Green is becoming experienced at that. Her plays “Exotic Deadly or The MSG Play,” “Wad” and “Nadeshiko” have been produced by theaters in San Diego and Seattle. Green got her start in theater as an actress, and she believes that her past experiences onstage have boosted her writing.
With “Hometown Boy,” she said her goal is to make sure scenes and story arcs ring with emotional truth. So the heroes aren’t solidly good, and the bad guys aren’t completely evil. Everyone is trying to do their best.
Vo has appeared in productions at the Shakespeare Tavern Playhouse, including the 2019 staging of “King Lear” alongside Chris Kayser, who also stars in “Hometown Boy.”
Vo’s work is impressive, the playwright said.
“Ryan has just been waiting to be a lead,” Green said. “People that do Shakespeare are great to work with in new plays because they’re so used to dissecting each piece of text and mining the words. Ryan is one of those actors.”
As the play has been developed, the script has been updated regularly, with Wear working with actors on the building tension of the story and assuring that the comedy also zings.
“It’s been amazing to have actors, a director and a team that’s really game,” Green said.
Some of the meatier scenes have challenged the actors to strike the right tone.
“When we’re dealing with material that’s especially dark, there has to be an acknowledgement at the very top that this darkness is what the material is about,” the playwright said. “From this moment on, we can’t judge the characters of this play while we’re working on it. We have to understand that everyone is the hero of their own story and has good intentions in some way.”
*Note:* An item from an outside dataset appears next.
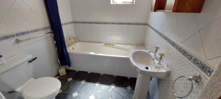 The home is completed by three bedrooms and two bathrooms, providing comfortable family accommodation. Additional features include a four-car garage with laundry facilities, as well as domestic quarters.

Coming back to the Atlanta area has allowed Green to revisit her Georgia roots. She considers herself a Southerner always and carries a love for her childhood home. But growing up here as a Japanese American was complicated.
“It’s a place that I loved, and it’s also a place where I felt othered and seen only for my race sometimes,” she said. “That’s what I’ve been grappling with myself. Those experiences that weren’t positive, did they happen? Yes, they did. Was my love for this place real? Yes, it was. Both of those things are true.”
Benjamin Carr is an arts journalist and critic who has contributed to ArtsATL since 2019. His plays have been produced at The Vineyard Theatre in Manhattan, as part of the Samuel French Off-Off Broadway Short Play Festival, and the Center for Puppetry Arts. His first novel, “Impacted,” was published by The Story Plant in 2021.
THEATER PREVIEW
“Hometown Boy”
Nov. 3-28. $20-$35. Proof of vaccination or a negative PCR test administered within 48 hours of the performance required. Actor’s Express, King Plow Arts Center, 887 W. Marietta St. NW, Atlanta. 404-607-7469, actors-express.com.